Praet: Die EZB trifft geldpolitische Entscheidungen, um ihr Ziel, die Gewährleistung von Preisstabilität, zu erreichen. Wir äußern uns hörbar zu Strukturreformen, wenn dies im Rahmen unseres vertraglich festgeschriebenen Mandats für notwendig gehalten wird. In dieser Hinsicht unterscheiden wir uns beispielsweise von der Federal Reserve in den USA, die sich nie an solchen Debatten beteiligen würde.
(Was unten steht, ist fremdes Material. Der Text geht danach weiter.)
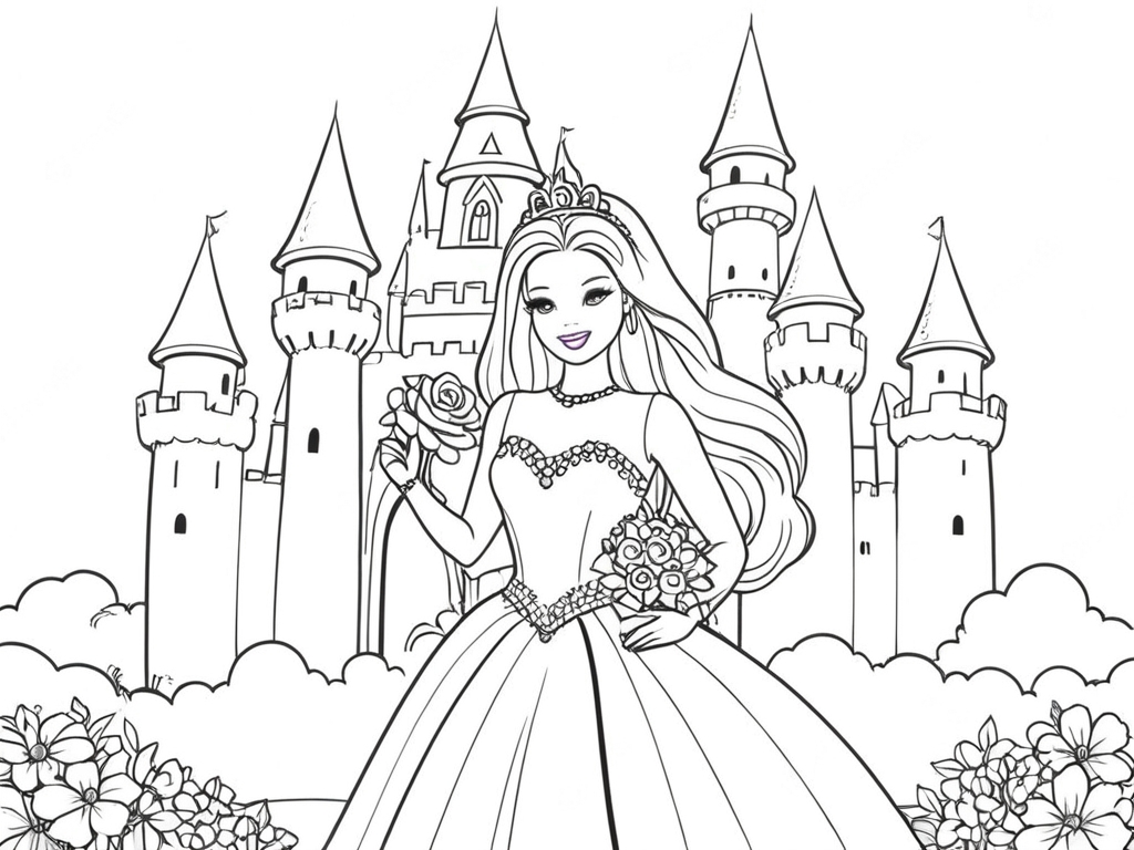 Barbie Princess in a Flower Field Coloring Page

STANDARD: Das ist für viele ein Problem.

Praet: Oft wird uns geraten, uns allein auf Geldpolitik zu konzentrieren. Aber in einer Währungsunion haben die Länder die Flexibilität verloren, die ein eigener Wechselkurs bietet. Solide Governance und effektive Institutionen sind also von zentraler Bedeutung. Das gilt für die Arbeits- und Gütermärkte, die Justiz und für die Verwaltungsbehörden. Das ist notwendig für eine wirksamere Geldpolitik in einer Währungsunion, und deshalb sagen wir den Regierungen, dass strukturelle Reformen wichtig sind. Dabei ist es für uns nicht von Interesse, wie Länder die Reformen durchführen. Das ist ihnen überlassen. Uns interessiert, ob sie erfolgreich sind. Allerdings möchte ich selbstkritisch anmerken, dass unsere Botschaften in der Vergangenheit zu sehr wie ein Mantra klangen.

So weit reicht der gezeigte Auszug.